Source records
--------

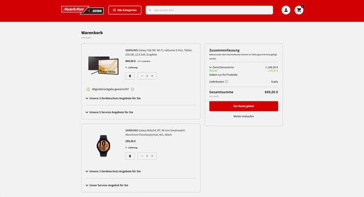Aktuell bieten Saturn und MediaMarkt ein Aktions-Bundle an, durch welches das Samsung Galaxy Tab S8+ mit 8 GB RAM und 256 GB Speicher, ein S Pen und die 44 mm Galaxy Watch4 für insgesamt nur 849 Euro bestellt werden können. Im Preisvergleich kostet das Tablet samt Stylus mindestens 788 Euro, die Smartwatch ist nicht für unter 150 Euro zu bekommen, sodass dieses Bundle 89 Euro spart.
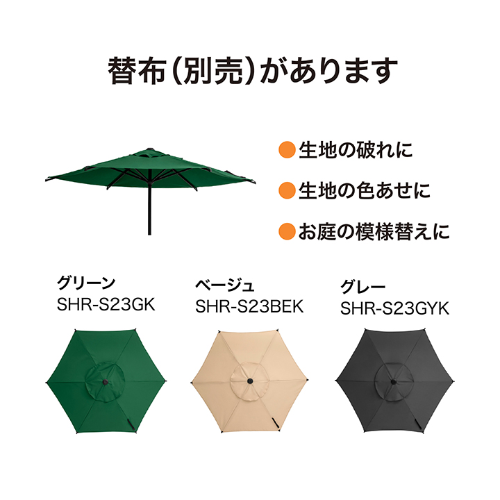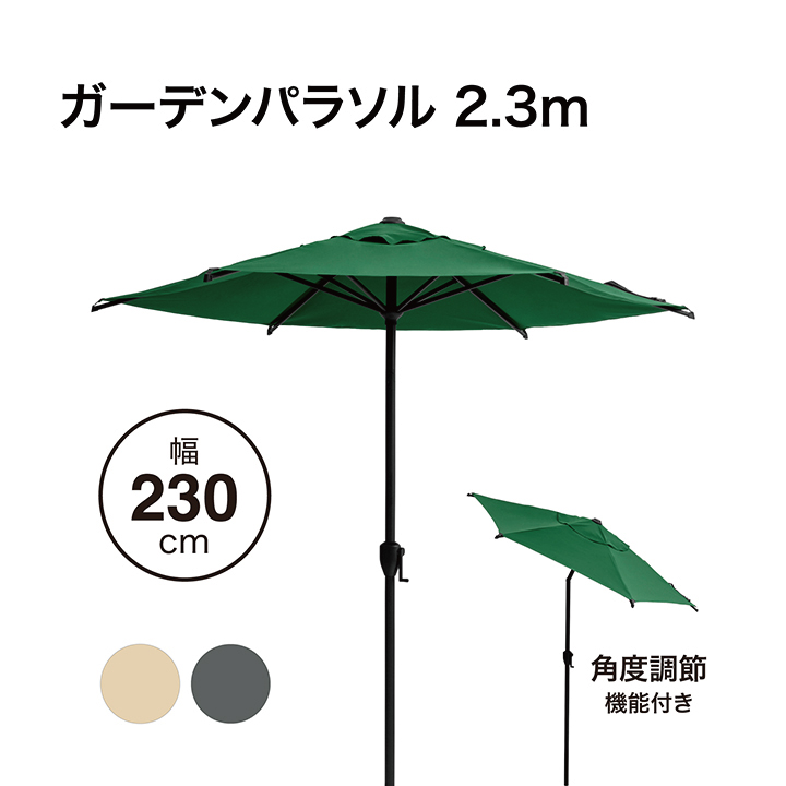 パラソル 日よけ 遮光 紫外線 UV 影 庭 ガーデン タカショー / ガーデンパラソル 2.3m グリーン ベージュ グレー /中型
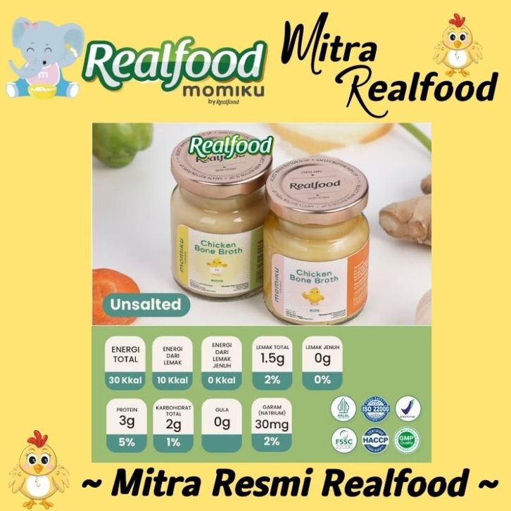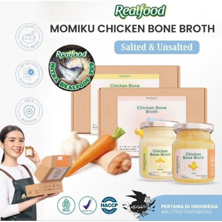 Realfood Momiku Chicken Bone Broth Trial 6 Jar & P.12 Jar Mpasi Kaldu Tulang Ayam Bersertifikat Bpom Halal
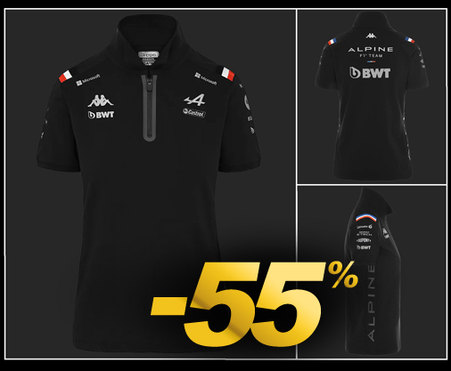 Polo femme Alpine F1 - Tailles XS / L / XL seulement Matière 62% Coton / 30% Polyester / 8% Elasthanne - Couleur Noir - Col zippé Kappa 35163WW
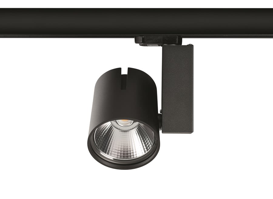 Spotlight Start Track L Dali is used for track mounting, decorative heat sink, white (RAL 9016) housing, drive current: 1400mA, DALI dimmable, (H x W) 240 x 164 mm.
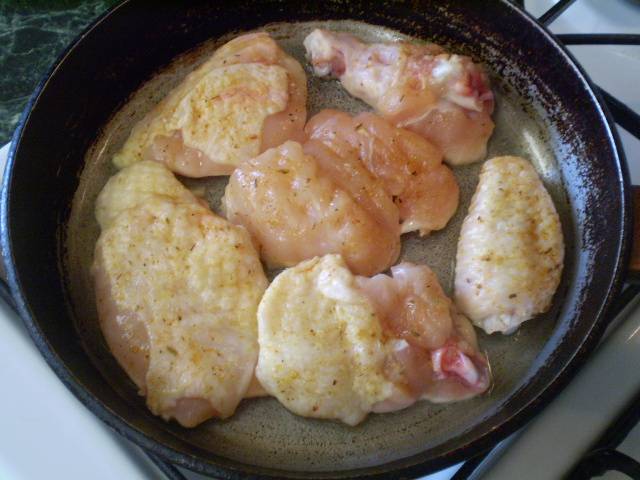 Разогрейте масло растительное на сковороде. Выкладывайте осторожно кусочки курицы и обжаривайте сначала на большом огне, для получения корочки, потом огонь уменьшите и накройте крышкой.
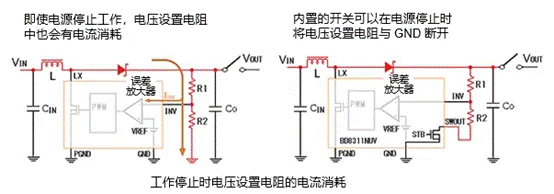 為了消除電壓設(shè)置電阻造成的電流消耗并減少待機(jī)消耗電流,一些電源產(chǎn)品會(huì)內(nèi)置可在關(guān)斷時(shí)將電壓設(shè)置電阻與GND斷開的開關(guān)。
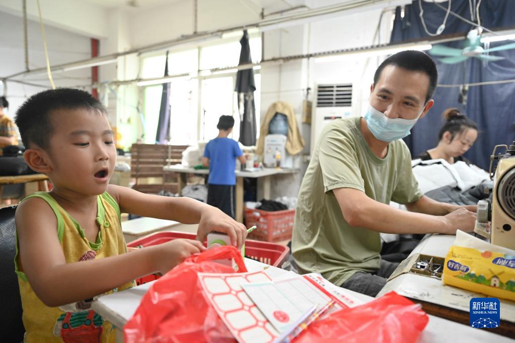 8月31日,在福建省石狮市金利莱斯服装厂,聪聪在开学前一天削铅笔。
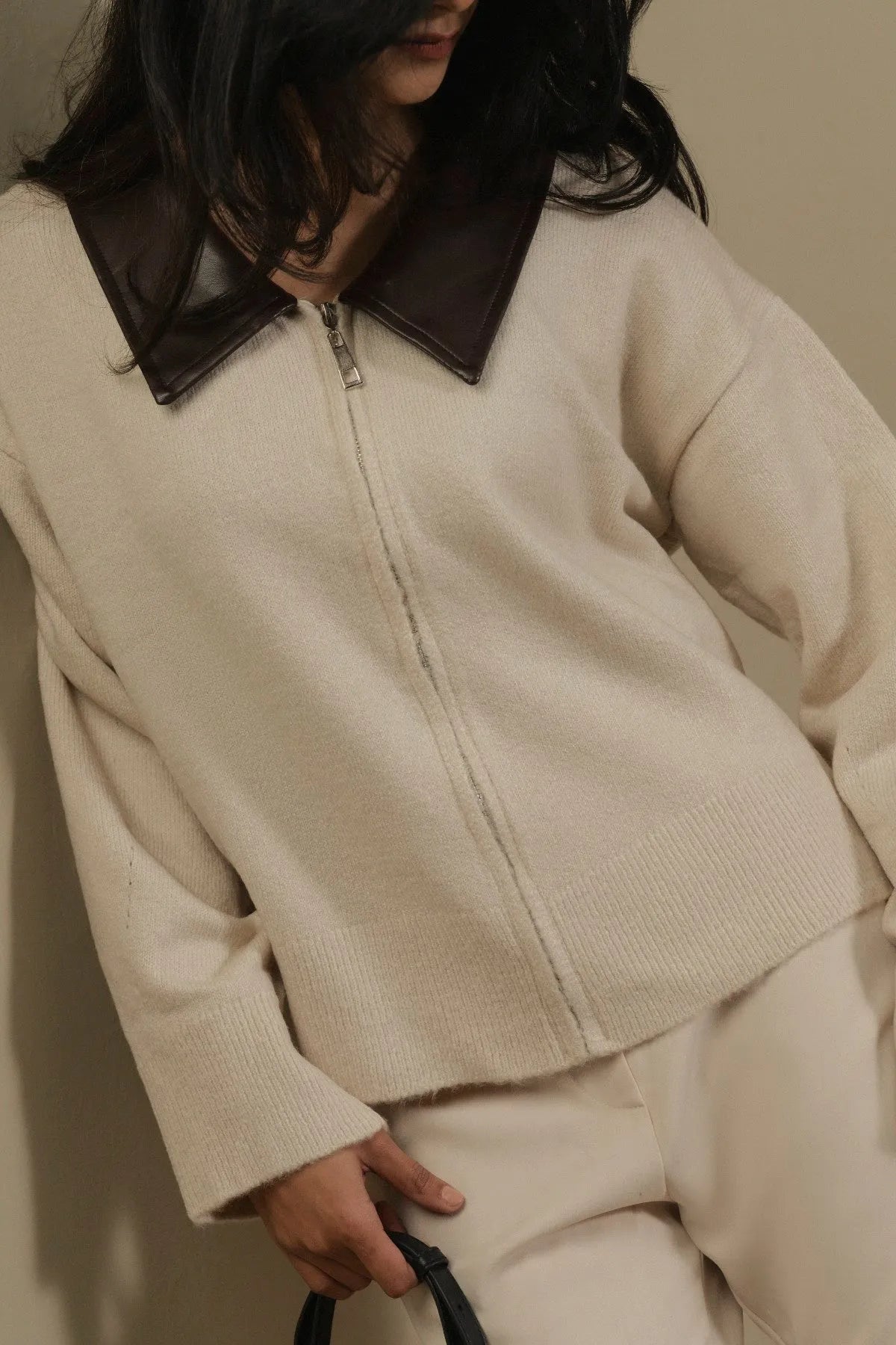 Built with a premium polyester blend, this zip-front knit offers a balanced mix of softness and structure. The fabric sits cleanly on the body, while the front zipper introduces a sharp, contemporary edge. Finished with a contrast collar that adds definition, the piece feels intentional and well composed. Modern in shape and easy to style, it’s a confident everyday layer with a polished attitude.
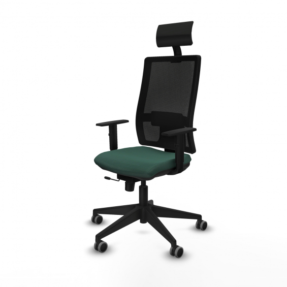 Piqueras y Crespo Horna traslack malla negra bali verde botella brazos 1D base piramidal cabecero fijo ruedas 65mm engomadas
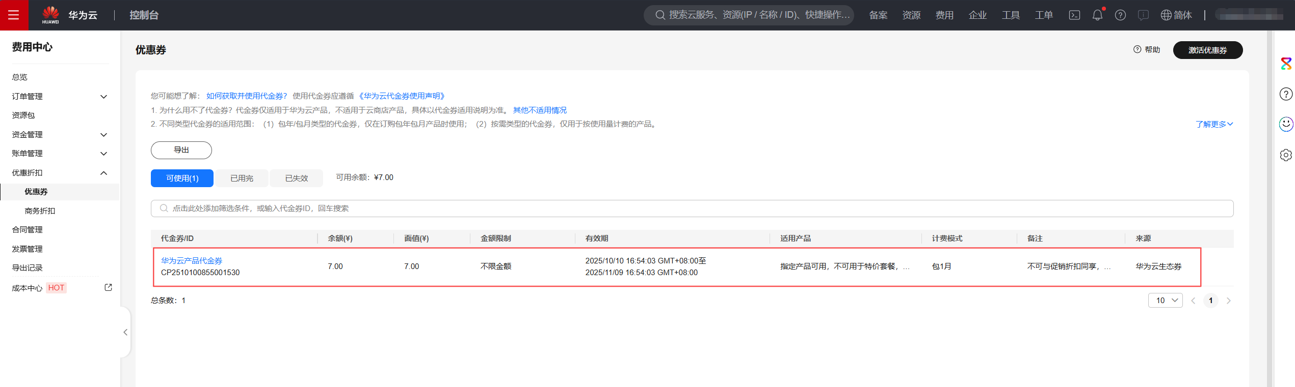 参考案例《基于华为开发者空间-云开发环境(容器)+MaaS实现智语灵犀-AI对话助手》中“二、基础环境与资源准备” > “4. 领取百万免费福利”完成以下内容:
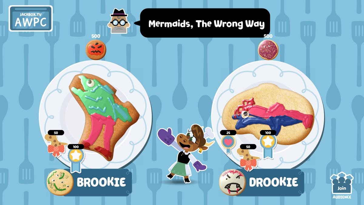 जॅकबॉक्स गेम्सच्या माझ्या आवडत्या पद्धतींपैकी एक म्हणजे Tee KO सारखे गेम, जिथे तुम्ही तुमच्या फोनवर काहीतरी काढता आणि रेखाचित्र मजेदार आणि स्वादिष्ट शीर्षकांशी जुळते. कुकी हाऊस वेबसाइट तुम्हाला कुकीज सजवून हे करण्यास सांगते.
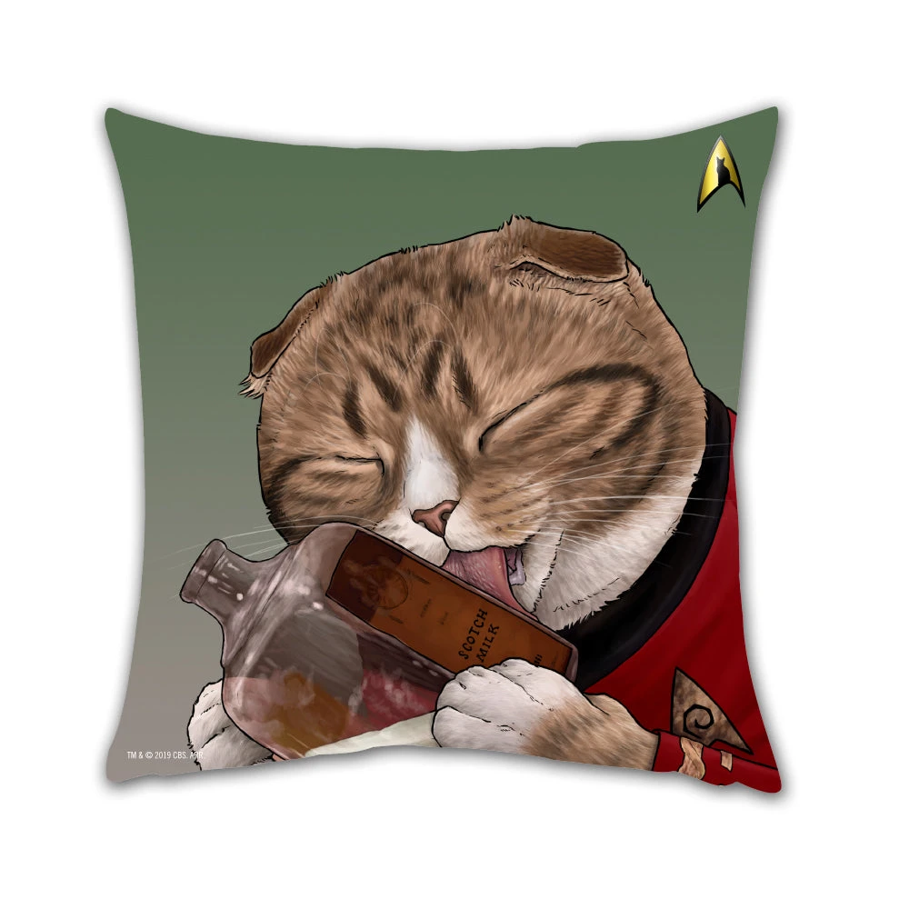 Are you looking for the purrr-fect home decor addition? This Star Trek: The Original Series Milk Cat Pillow is the comfiest pillow in the Milky Way! Featuring your favorite feline chief engineer cuddling a glass of milk, this pillow is even better than a very, very, very old bottle of scotch.
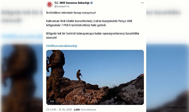 Bakanlığın sosyal medya hesabından yapılan açıklamada, "Teröristlere inlerinde hesap soruyoruz. Kahraman Türk Silahlı Kuvvetlerimiz, Irak'ın kuzeyindeki Pençe-Kilit bölgesinde 7 PKK'lı teröristi etkisiz hale getirdi. Bölgede tek bir terörist kalmayıncaya kadar operasyonlarımız kararlılıkla sürecek" denildi.
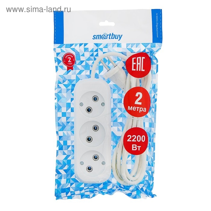 Удлинитель Smartbuy, 3 розетки, 2 м, 10 А, 2200 Вт, ПВС 2х1 мм2, без з/к, белый

--------

§ **DIRECTIONS FOR THIS TASK**
Transcribe all the data word for word; the images stay out.

§ **ANSWER BOX**
Aktuell bieten Saturn und MediaMarkt ein Aktions-Bundle an, durch welches das Samsung Galaxy Tab S8+ mit 8 GB RAM und 256 GB Speicher, ein S Pen und die 44 mm Galaxy Watch4 für insgesamt nur 849 Euro bestellt werden können. Im Preisvergleich kostet das Tablet samt Stylus mindestens 788 Euro, die Smartwatch ist nicht für unter 150 Euro zu bekommen, sodass dieses Bundle 89 Euro spart.
 パラソル 日よけ 遮光 紫外線 UV 影 庭 ガーデン タカショー / ガーデンパラソル 2.3m グリーン ベージュ グレー /中型
 Realfood Momiku Chicken Bone Broth Trial 6 Jar & P.12 Jar Mpasi Kaldu Tulang Ayam Bersertifikat Bpom Halal
 Polo femme Alpine F1 - Tailles XS / L / XL seulement Matière 62% Coton / 30% Polyester / 8% Elasthanne - Couleur Noir - Col zippé Kappa 35163WW
 Spotlight Start Track L Dali is used for track mounting, decorative heat sink, white (RAL 9016) housing, drive current: 1400mA, DALI dimmable, (H x W) 240 x 164 mm.
 Разогрейте масло растительное на сковороде. Выкладывайте осторожно кусочки курицы и обжаривайте сначала на большом огне, для получения корочки, потом огонь уменьшите и накройте крышкой.
 為了消除電壓設(shè)置電阻造成的電流消耗并減少待機(jī)消耗電流,一些電源產(chǎn)品會(huì)內(nèi)置可在關(guān)斷時(shí)將電壓設(shè)置電阻與GND斷開的開關(guān)。
 8月31日,在福建省石狮市金利莱斯服装厂,聪聪在开学前一天削铅笔。
 Built with a premium polyester blend, this zip-front knit offers a balanced mix of softness and structure. The fabric sits cleanly on the body, while the front zipper introduces a sharp, contemporary edge. Finished with a contrast collar that adds definition, the piece feels intentional and well composed. Modern in shape and easy to style, it’s a confident everyday layer with a polished attitude.
 Piqueras y Crespo Horna traslack malla negra bali verde botella brazos 1D base piramidal cabecero fijo ruedas 65mm engomadas
 参考案例《基于华为开发者空间-云开发环境(容器)+MaaS实现智语灵犀-AI对话助手》中“二、基础环境与资源准备” > “4. 领取百万免费福利”完成以下内容:
 जॅकबॉक्स गेम्सच्या माझ्या आवडत्या पद्धतींपैकी एक म्हणजे Tee KO सारखे गेम, जिथे तुम्ही तुमच्या फोनवर काहीतरी काढता आणि रेखाचित्र मजेदार आणि स्वादिष्ट शीर्षकांशी जुळते. कुकी हाऊस वेबसाइट तुम्हाला कुकीज सजवून हे करण्यास सांगते.
 Are you looking for the purrr-fect home decor addition? This Star Trek: The Original Series Milk Cat Pillow is the comfiest pillow in the Milky Way! Featuring your favorite feline chief engineer cuddling a glass of milk, this pillow is even better than a very, very, very old bottle of scotch.
 Bakanlığın sosyal medya hesabından yapılan açıklamada, "Teröristlere inlerinde hesap soruyoruz. Kahraman Türk Silahlı Kuvvetlerimiz, Irak'ın kuzeyindeki Pençe-Kilit bölgesinde 7 PKK'lı teröristi etkisiz hale getirdi. Bölgede tek bir terörist kalmayıncaya kadar operasyonlarımız kararlılıkla sürecek" denildi.
 Удлинитель Smartbuy, 3 розетки, 2 м, 10 А, 2200 Вт, ПВС 2х1 мм2, без з/к, белый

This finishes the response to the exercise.